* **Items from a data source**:

──────────

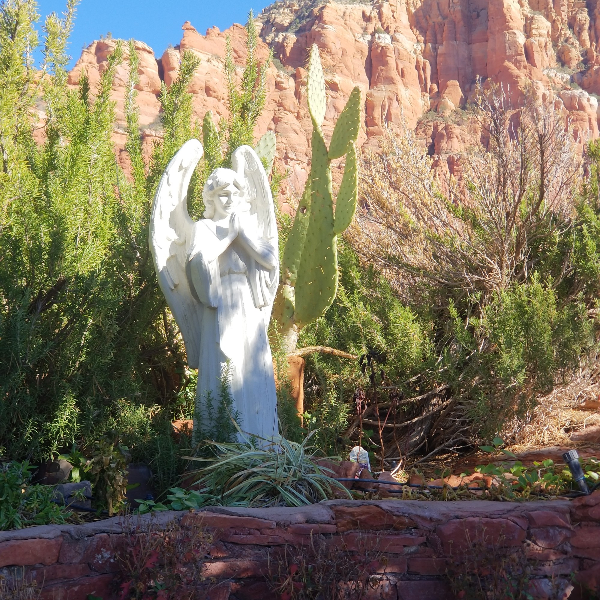 Like the Bell rock, parking here was also a challenge. We wanted to take the best angle of the Chapel from the bottom of the hill, but there wasn’t a place to stop, so we kept driving all the way up to visit the inside of the Chapel. We found a spot, parked and walked through a pathway to the entrance of the Chapel.
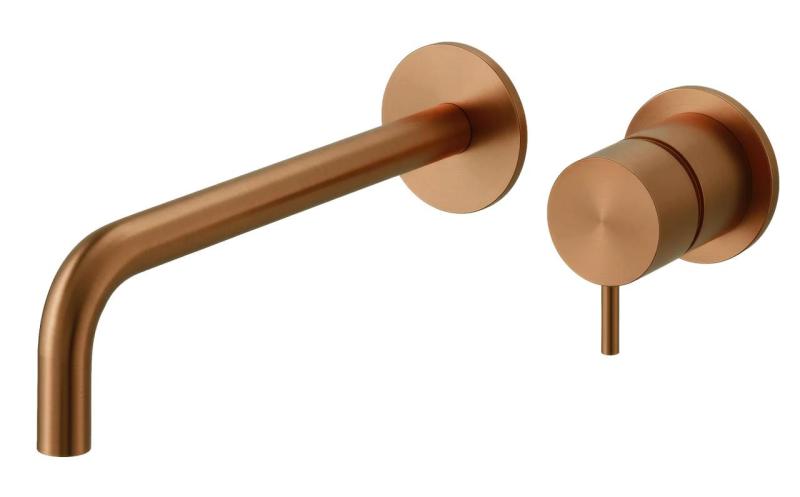 Aggiungi un tocco di calore e lusso al tuo bagno con questa elegante rubinetteria da incasso per lavabo in rame spazzolato PVD. Il bocchello compatto da 21 cm è perfetto per lavabi e lavandini di dimensioni ridotte, mentre il design minimalista della serie Flow garantisce un look pulito e moderno. La parte tecnica è completamente nascosta nella parete, lasciando visibili solo le raffinate maniglie e il beccuccio. Questo modello viene fornito come set completo, compreso il kit di incasso, in modo da essere subito pronti per l'installazione.
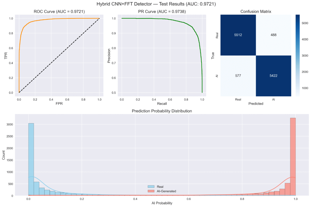 To prove it works in the real world, we tested the model on a completely new set of 11,999 images it had never seen before—6,000 real and 5,999 AI-generated. The results are strong, clear, and ready for production use.
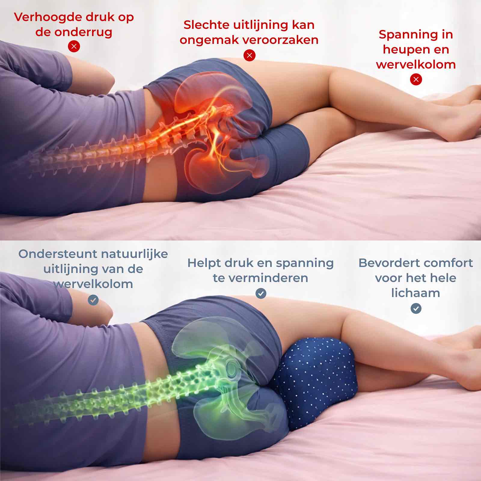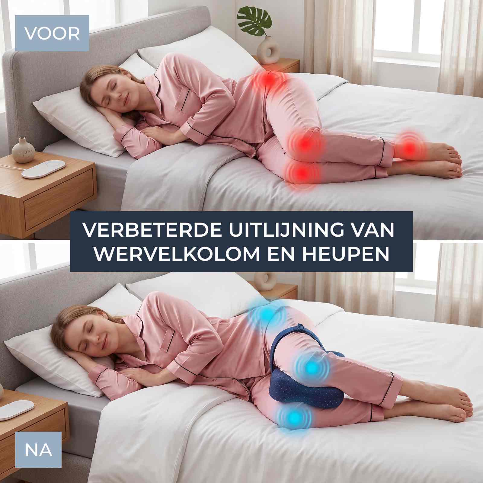 Als je op je zij slaapt zonder goede ondersteuning tussen je benen, zakt je bovenbeen naar voren, draaien je heupen, komt er spanning op je onderrug en drukken je knieën tegen elkaar. Nacht na nacht zorgt die verkeerde houding voor druk in je lichaam, ongemak op gevoelige plekken en word je stijf, pijnlijk en vermoeid wakker.
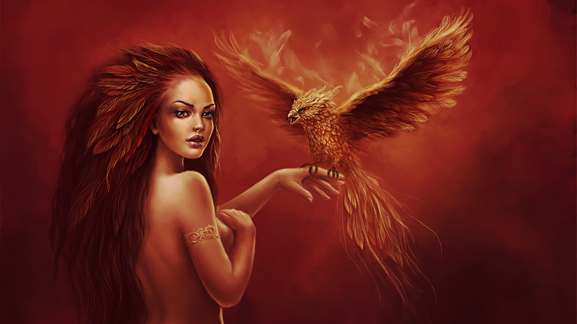 A girl with a bird on her arm. the phoenix bird. bird girl

──────────

* **DIRECTIONS FOR THIS TASK**: Take the lines from the first line of the entries through the line with "Aggiungi un tocco", inclusive, and give them again exactly, minus any pictures.

* **REPLY**:
 Like the Bell rock, parking here was also a challenge. We wanted to take the best angle of the Chapel from the bottom of the hill, but there wasn’t a place to stop, so we kept driving all the way up to visit the inside of the Chapel. We found a spot, parked and walked through a pathway to the entrance of the Chapel.
 Aggiungi un tocco di calore e lusso al tuo bagno con questa elegante rubinetteria da incasso per lavabo in rame spazzolato PVD. Il bocchello compatto da 21 cm è perfetto per lavabi e lavandini di dimensioni ridotte, mentre il design minimalista della serie Flow garantisce un look pulito e moderno. La parte tecnica è completamente nascosta nella parete, lasciando visibili solo le raffinate maniglie e il beccuccio. Questo modello viene fornito come set completo, compreso il kit di incasso, in modo da essere subito pronti per l'installazione.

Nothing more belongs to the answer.